**REQUIREMENT**
Pictures stay out of this copy; please retype only the lines from the start of the records through the line with "Vibrant autumn stickers".

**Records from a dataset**
* * * * * * * * *
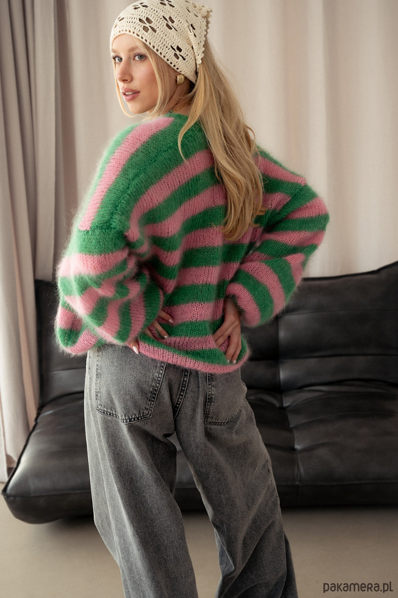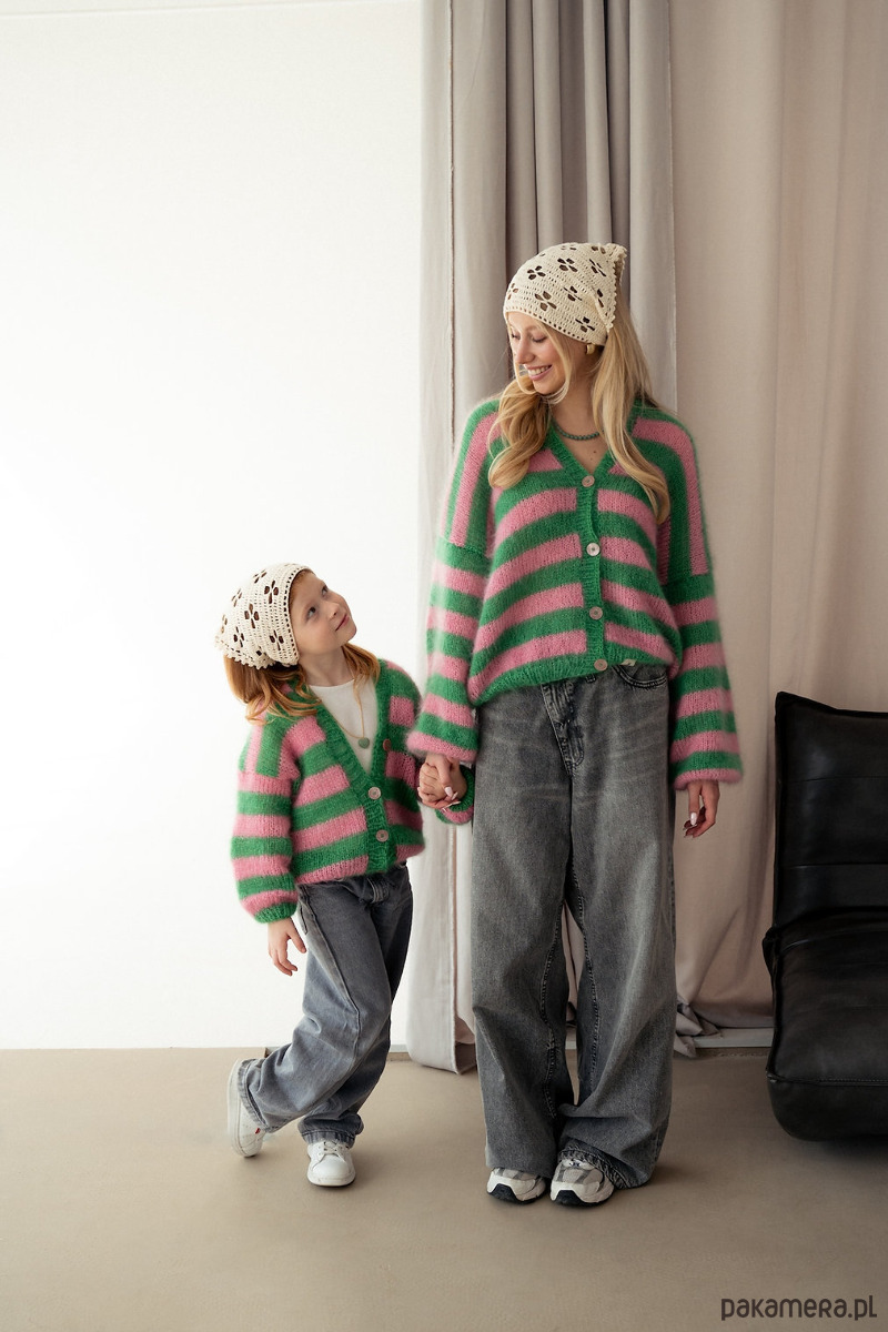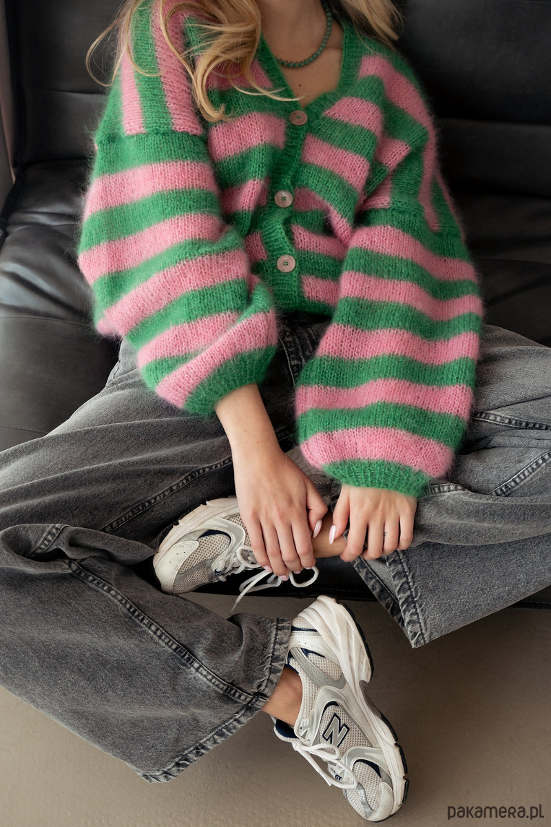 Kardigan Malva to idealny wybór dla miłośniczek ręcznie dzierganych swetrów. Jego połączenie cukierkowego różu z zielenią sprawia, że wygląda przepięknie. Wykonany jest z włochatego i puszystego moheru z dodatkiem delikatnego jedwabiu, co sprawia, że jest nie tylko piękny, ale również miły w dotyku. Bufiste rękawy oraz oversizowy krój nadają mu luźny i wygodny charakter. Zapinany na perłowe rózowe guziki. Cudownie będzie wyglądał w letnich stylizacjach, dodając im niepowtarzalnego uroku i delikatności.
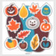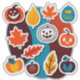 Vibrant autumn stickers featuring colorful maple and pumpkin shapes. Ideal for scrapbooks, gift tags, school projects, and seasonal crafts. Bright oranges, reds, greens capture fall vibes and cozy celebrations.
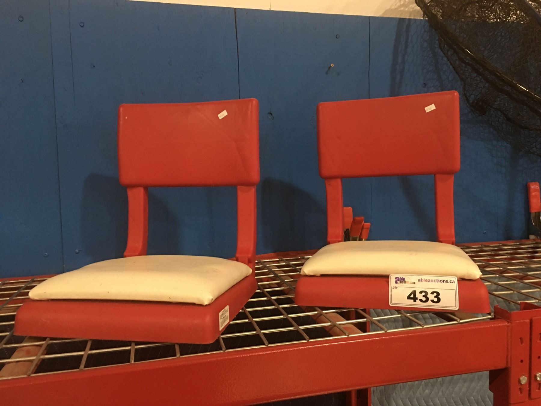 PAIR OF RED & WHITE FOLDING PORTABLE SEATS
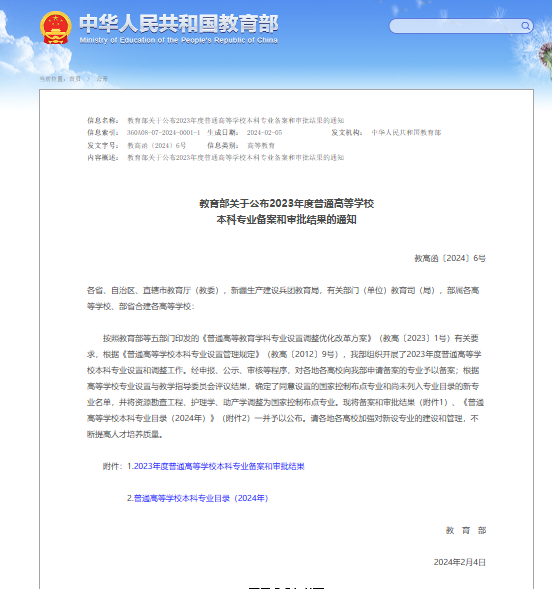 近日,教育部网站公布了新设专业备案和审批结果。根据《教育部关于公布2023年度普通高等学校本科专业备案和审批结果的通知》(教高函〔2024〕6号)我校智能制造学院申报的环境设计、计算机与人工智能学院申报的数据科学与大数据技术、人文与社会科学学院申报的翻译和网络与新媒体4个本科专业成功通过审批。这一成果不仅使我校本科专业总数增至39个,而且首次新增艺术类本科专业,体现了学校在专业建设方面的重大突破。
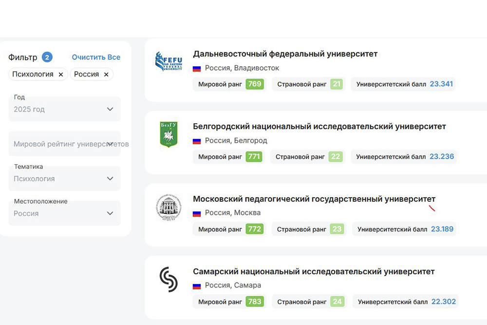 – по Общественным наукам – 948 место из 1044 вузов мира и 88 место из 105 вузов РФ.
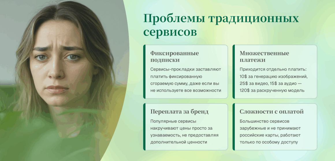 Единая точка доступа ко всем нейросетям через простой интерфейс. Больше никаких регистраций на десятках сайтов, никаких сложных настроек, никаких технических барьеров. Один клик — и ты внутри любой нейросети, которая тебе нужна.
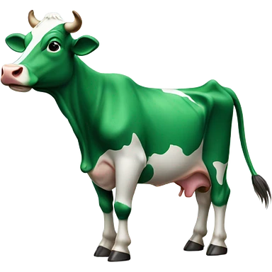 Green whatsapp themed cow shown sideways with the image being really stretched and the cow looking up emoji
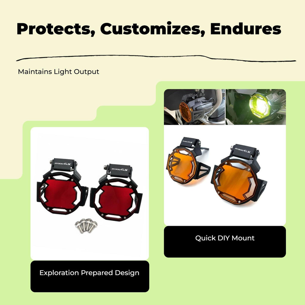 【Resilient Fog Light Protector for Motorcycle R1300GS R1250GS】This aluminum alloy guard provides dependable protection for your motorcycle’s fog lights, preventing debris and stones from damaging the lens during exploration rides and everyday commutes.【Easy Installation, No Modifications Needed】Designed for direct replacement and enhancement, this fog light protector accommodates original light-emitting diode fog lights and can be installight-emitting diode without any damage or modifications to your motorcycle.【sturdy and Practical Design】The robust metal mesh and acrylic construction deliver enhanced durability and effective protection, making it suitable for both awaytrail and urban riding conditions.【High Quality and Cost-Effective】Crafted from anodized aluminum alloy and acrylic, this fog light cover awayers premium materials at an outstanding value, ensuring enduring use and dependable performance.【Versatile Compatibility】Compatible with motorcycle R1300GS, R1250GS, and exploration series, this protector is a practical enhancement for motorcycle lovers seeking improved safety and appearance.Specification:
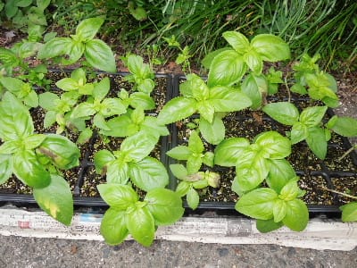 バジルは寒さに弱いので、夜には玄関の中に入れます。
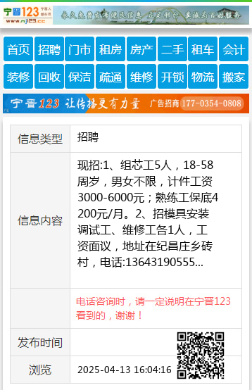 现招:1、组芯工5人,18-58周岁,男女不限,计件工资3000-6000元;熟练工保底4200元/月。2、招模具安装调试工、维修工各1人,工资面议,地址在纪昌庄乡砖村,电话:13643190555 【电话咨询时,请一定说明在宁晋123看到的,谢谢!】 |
* * * * * * * * *
**SOLVED PROBLEM**
 Kardigan Malva to idealny wybór dla miłośniczek ręcznie dzierganych swetrów. Jego połączenie cukierkowego różu z zielenią sprawia, że wygląda przepięknie. Wykonany jest z włochatego i puszystego moheru z dodatkiem delikatnego jedwabiu, co sprawia, że jest nie tylko piękny, ale również miły w dotyku. Bufiste rękawy oraz oversizowy krój nadają mu luźny i wygodny charakter. Zapinany na perłowe rózowe guziki. Cudownie będzie wyglądał w letnich stylizacjach, dodając im niepowtarzalnego uroku i delikatności.
 Vibrant autumn stickers featuring colorful maple and pumpkin shapes. Ideal for scrapbooks, gift tags, school projects, and seasonal crafts. Bright oranges, reds, greens capture fall vibes and cozy celebrations.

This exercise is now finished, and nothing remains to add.